Within this repo, the layers are:

1. **Authoring Layer**

   * Python DSL: `@step` decorator, `Workflow` base class
   * **Params are a normal step** (often a Pydantic model)
   * **Configuration via class attributes** (name, image, io_handler)
   * IO handled by **io_handlers** (default: pickle)
   * Wire dependencies via `dag()` (auto-inferred in v0.3.0+)

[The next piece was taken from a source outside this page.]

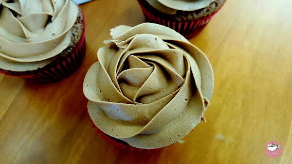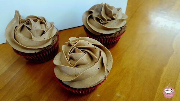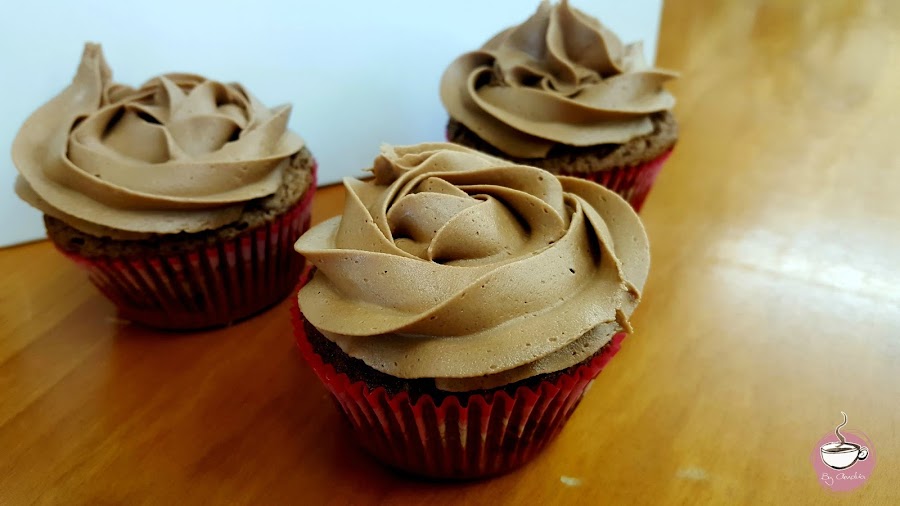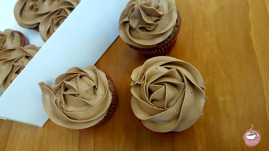 Una vez fríos del todo los cupcakes los decoramos con la buttercream. Ponemos la masa en una manga pastelera y decoramos. Yo utilicé la boquilla 1M de Wilton.

2. **IR (Intermediate Representation)**

   * Backend-agnostic DAG: nodes, edges, inputs/outputs, resources, retry policies, IO metadata

3. **Compilers**

   * **Argo**: IR → Argo Workflow YAML
   * **KFP**: IR → Kubeflow Pipelines package (v0.4.0+)
   * Plugin architecture (v0.4.0+) — add any target via entry points

4. **Runtime**

   * Unified runner image (`axl-runner`) executes steps in pods and locally
   * Handles env (via **uv**), IO handler save/load, structured logging, retries

5. **CLI**

   * `axl compile`, `axl run local`, `axl validate`, `axl render`
   * `axl pack`, `axl build-image` (v0.5.0+)

---

## 📂 Project Structure

```
axl/
  core/          # DSL: decorators, base classes, typing
  io/            # io_handlers (pickle default; parquet/npy/torch optional)
  ir/            # Intermediate Representation (nodes, edges, workflows)
  compiler/      # Backend compilers (Argo, Kubeflow)
  runtime/       # Runner container + IO + env setup (uv)
  cli.py         # CLI entrypoint
examples/
  churn_workflow.py
tests/
  test_core.py   # Tests for DSL components
  test_ir.py     # Tests for IR components
pyproject.toml
README.md
```

---

## 🎯 Why AXL Workflows?

* **Local development** is fast and simple.
* **Argo/KFP is production-grade** but YAML is verbose and hard to get started with.
* **axl bridges the gap**:

  * Simple, class-based DSL — no YAML, no vendor-specific decorators
  * **Params as a normal step** — no special `Param`/`Artifact` classes
  * IO handlers for painless object ↔ file persistence
  * Backend-agnostic IR — one workflow definition, multiple compile targets
  * Compile once, run anywhere

---

## 📄 License

This project is licensed under the MIT License - see the [LICENSE](LICENSE) file for details.